Mercedes boss Toto Wolff has issued his sternest assessment yet of rookie Kimi Antonelli, branding the teenager’s Italian Grand Prix display “underwhelming” — while stressing that his long-term faith in the youngster remains intact.
Antonelli came to Monza eager to rebound after his crash-strewn outing in Zandvoort, but instead endured another error-heavy weekend in front of the home fans.
A trip into the gravel trap during second practice cut short his long-run preparations, before a poor getaway in Sunday’s race dropped him from sixth to tenth on the opening lap.
Though he recovered to finish eighth on the road, repeated track limits violations and a five-second penalty for forcing Alex Albon wide relegated him to ninth, well behind Mercedes teammate George Russell in fifth.

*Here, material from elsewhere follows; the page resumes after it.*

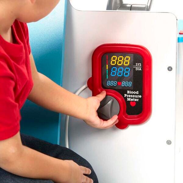 Includes blood pressure monitor with adjustable cuff, 2 X-rays to display, scale with movable weight, adjustable height bar, eye chart, clock with movable hands, movable tool hooks and holders, sink, sanitizer pump, reversible diploma/window card
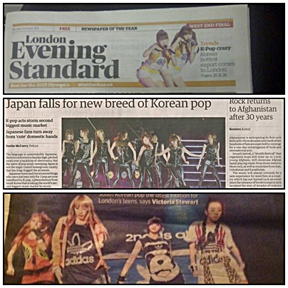영국에서 가장 유명한 런던 이브닝 스텐다드 신문의 1면 상단에 소녀시대의 두 멤버의 모습이 담겨있다. 글쓴이는 이어 지난달 9월 30일 영국의 가디언지에 실린 한류기사 속의 소녀시대 커버사진을 올렸다.

Wolff, usually quick to shield his rookie from scrutiny, didn’t hold back his criticism this time.
“Underwhelming this weekend. Underwhelming,” he said. “You can’t put the car in the gravel bed and expect to be there. All of the race was underwhelming.

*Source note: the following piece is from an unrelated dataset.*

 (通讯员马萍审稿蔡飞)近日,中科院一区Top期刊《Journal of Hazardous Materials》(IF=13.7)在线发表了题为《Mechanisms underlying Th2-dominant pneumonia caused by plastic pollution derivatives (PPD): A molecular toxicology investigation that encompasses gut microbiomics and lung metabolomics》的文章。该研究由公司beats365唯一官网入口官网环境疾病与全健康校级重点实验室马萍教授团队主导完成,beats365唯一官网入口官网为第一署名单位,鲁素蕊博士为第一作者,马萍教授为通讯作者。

“It doesn’t change anything in my support and confidence in his future because I believe he’s going to be very, very, very good — but today was… underwhelming.”
Antonelli admitted his own role in the struggles.
“I didn’t do long runs in FP2 because of my mistakes, so I wasn’t really prepared for the race,” he conceded. “That also didn’t help.”
For Wolff, the concern is not Antonelli’sraw pace but a pattern of early-weekend mistakes that snowball into lost preparation and diminished confidence.
“A clean weekend means almost not to carry too much trauma of previous mistakes into the next session or into the next weekend, because that is baggage,” he explained.
“You’re not going to attack the corner hard if you’ve been off there before and it finished your session.
“Or maybe you’re not attacking a driver that should not be in your way like Gasly, because he had this situation with Leclerc. Kimi shouldn’t lose even a second on Gasly.”
Still, Wolff underlined his conviction that Antonelli’s ceiling is sky-high.
“He’s a great driver,” he said. “He has this unbelievable ability and natural talent. He’s a racer. It’s all there. But we need to get rid of the ballast. It’s just freeing him up. Freeing him up.”
Antonelli’s ninth place at Monza leaves him eighth in the championship, with the Mercedes junior still seeking his first standout weekend in Formula 1.
While Mercedes has yet to finalise its driver line-up for 2026, Wolff reiterated that Antonelli remains central to the team’s long-term plans – though with a clear message that the Italian must shake off the errors if he is to deliver on his potential.